Vous savez que la façon dont chaque élément particulier de l’humanité apparaît dans un individu dépend du degré où cet élément est, par rapport aux autres, soit limité par eux, soit laissé libre ; ce n’est que par ce conflit général que chacun d’eux revêt, dans chaque individu, une figure et une grandeur déterminées ; ce conflit à son tour n’est entretenu que par la solidarité des êtres particuliers et par le mouvement de l’ensemble. Ainsi chaque être et chaque chose est en chacun et chacune une œuvre de l’Univers[1], et c’est ainsi seulement que la religion peut considérer l’homme.

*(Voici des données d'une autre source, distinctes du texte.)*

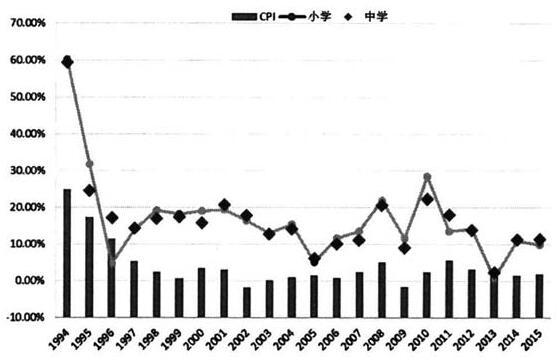 图1 1994-2015年北京市中小学教师名义平均工资增长率与CPI增长率

Je voudrais vous ramener à cette base de notre existence déterminée et à ce qui limite religieusement nos contemporains ; je voudrais vous faire comprendre distinctement pourquoi nous sommes ainsi que nous sommes et non autrement, et ce qui devrait arriver pour que nos bornes de ce côté fussent à présent reculées. Je voudrais que vous pussiez prendre conscience de la manière dont, par votre être et votre activité, vous êtes, vous aussi, en même temps instruments de l’Univers, et comment votre activité, dirigée sur de tout autres objets, exerce, elle aussi, une influence sur la religion et son état le plus proche.

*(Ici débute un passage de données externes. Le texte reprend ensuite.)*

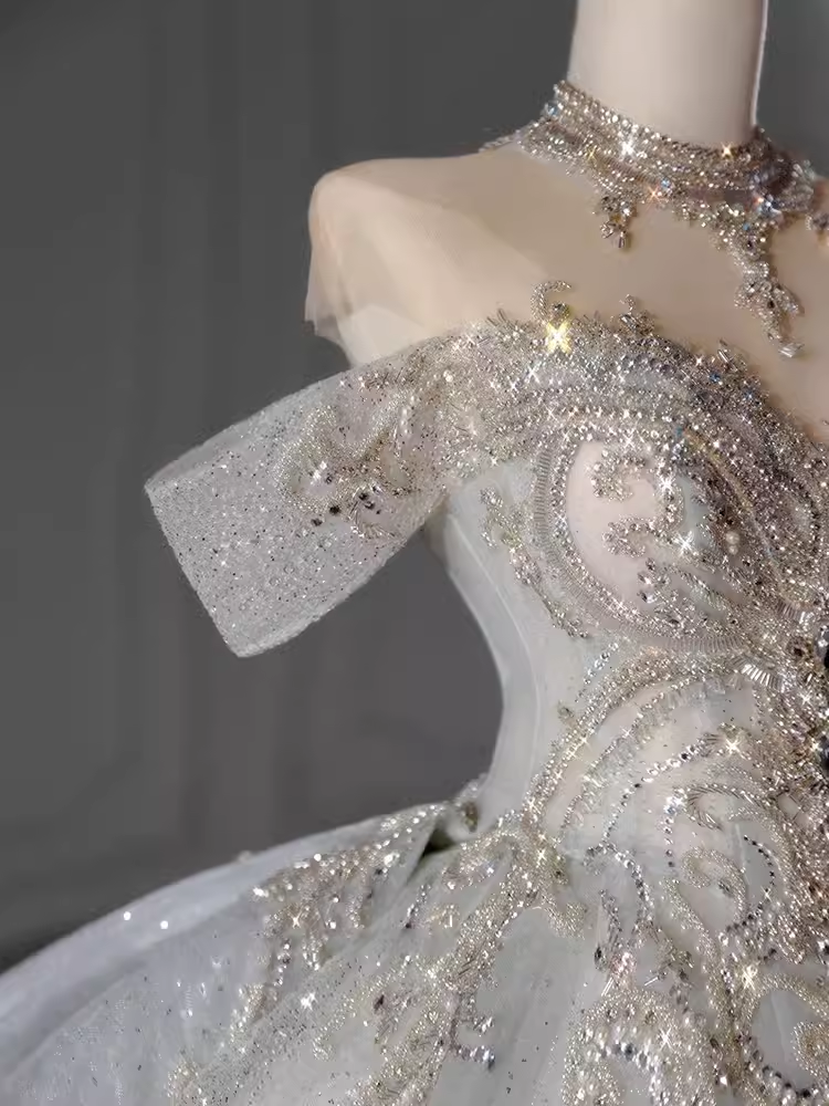 Luxury Ball Gown Off The Shoulder Short Sleeves Sequin Wedding Dress HZ1024

[144] L’homme naît doué de l’aptitude pour la religion comme de toutes les autres et pour peu que son sens ne soit pas violemment comprimé, que toute communauté entre lui et l’Univers ne soit pas entravée et barrée, — ce sont là, on en convient, les deux éléments de la religion, — cette aptitude devrait immanquablement se développer chez chacun de la manière qui lui serait propre. Mais cette compression entravante est malheureusement ce qui, à notre époque, se produit dès l’enfance dans une si forte mesure. Je vois chaque jour avec douleur comment la rage de comprendre ne laisse pas du tout le sens germer et se développer, et comme tout s’unit pour tenir l’homme

  1. So ist Jeder und Jedes in Jedem ein Werk des Universums.